Foi então que olhei em seus olhos marejados. Era como se todas as palavras que eu tinha guardado para mim por todo aquele tempo o fizesse sentir-se ainda mais culpado de tudo. Eu não tinha certeza de que aquilo estava mesmo acontecendo, precisei verbalizar para não pensar que se tratava de um sonho ou pesadelo:
- Você está chorando? Não chora... – Senti minha voz embargar, mas insisti. – Não chora porque não vale a pena. Nós fomos prejudicados por tudo o que aconteceu. A culpa foi sua, eu dei o meu melhor e dei algumas chances para você dar o seu melhor também, mas não aconteceu e se não aconteceu é porque talvez não era pra ser. – as primeiras lágrimas rolaram pela minha face.
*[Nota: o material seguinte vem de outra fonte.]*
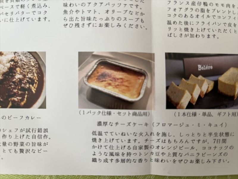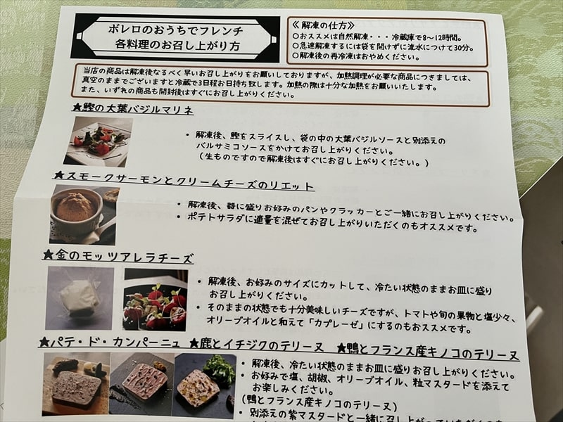 わが家はお取り寄せのフレンチなどのフルコースでレザンファンギャテやグルメソムリエ、シェシュシュのコースを頂きましたが、今回は別のレストランのものを頂きたいのでビストロボレロの厳選コースセットを注文しました。
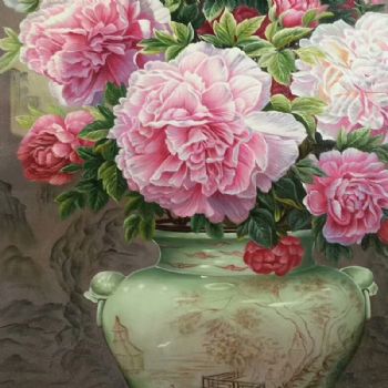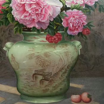 首页 --> 艺术商城 --> 油画花卉 --> 牡丹花 --> 字画美官方旗舰店 --> 中式客厅玄关装饰画精品油画牡丹青花瓷写实手绘油画

Eu estava chorando também e não entendia o motivo direito. Não é que eu sentia satisfação ou o gostinho da vingança finalmente na minha boca, não é. Eu não sou do tipo que se alegra com o sofrimento alheio só porque este um dia compactuou com o meu. Mas, eu senti sim uma pequena alegria, pela primeira vez eu senti que ele também pesava pelo nosso fim, por alguns instantes tive a sensação de que nenhuma lágrima tinha sido em vão.  Eu me levantei e fui ao encontro do seu abraço, fiquei na ponta dos pés e envolvi meus braços em seu pescoço, pedi baixinho que ele não chorasse porque já não mais adiantaria, afastei meu corpo do dele e estiquei minha mão até a sua face onde cuidadosamente secava com as pontas dos meus dedos. Dei muito mais carinho do que recebi quando as lágrimas eram minhas e se pude fazê-lo era apenas porque eu já não me sentia tão ferida, consegui ver que ali havia uma ferida antiga e aberta. E o que eu poderia fazer? Ele me abraçou forte outra vez e então se despediu de mim, pediu meu telefone e deu o dele, avisou que eu poderia ligar quando quisesse, que poderia contar com a ajuda dele para o que eu precisasse, lembrei ele de que eu não era a menininha que precisava de cuidados que ele conheceu tempos atrás e ele sorriu magoado, afirmando que sabia daquilo, se desculpou outra vez e se dirigiu até a porta. Abri para que ele pudesse sair e o vi partir, fechei a porta atrás do meu corpo e olhei para o relógio que estava pendurado na parede, havia passado algumas horas desde que ele chegou. O cheiro dele ainda predominava o ambiente. Sentei no sofá, abracei minhas pernas enquanto pensava no que havia acontecido, precisava respirar para assimilar. Nem por um instante o quis de volta em minha vida, tampouco suas mentiras. Mas, a sua verdade de olhar meus olhos e mostrar toda verdade por trás daquela ferida fez com que meu coração se aliviasse. Alívio em perdoar. Jamais em perdurar.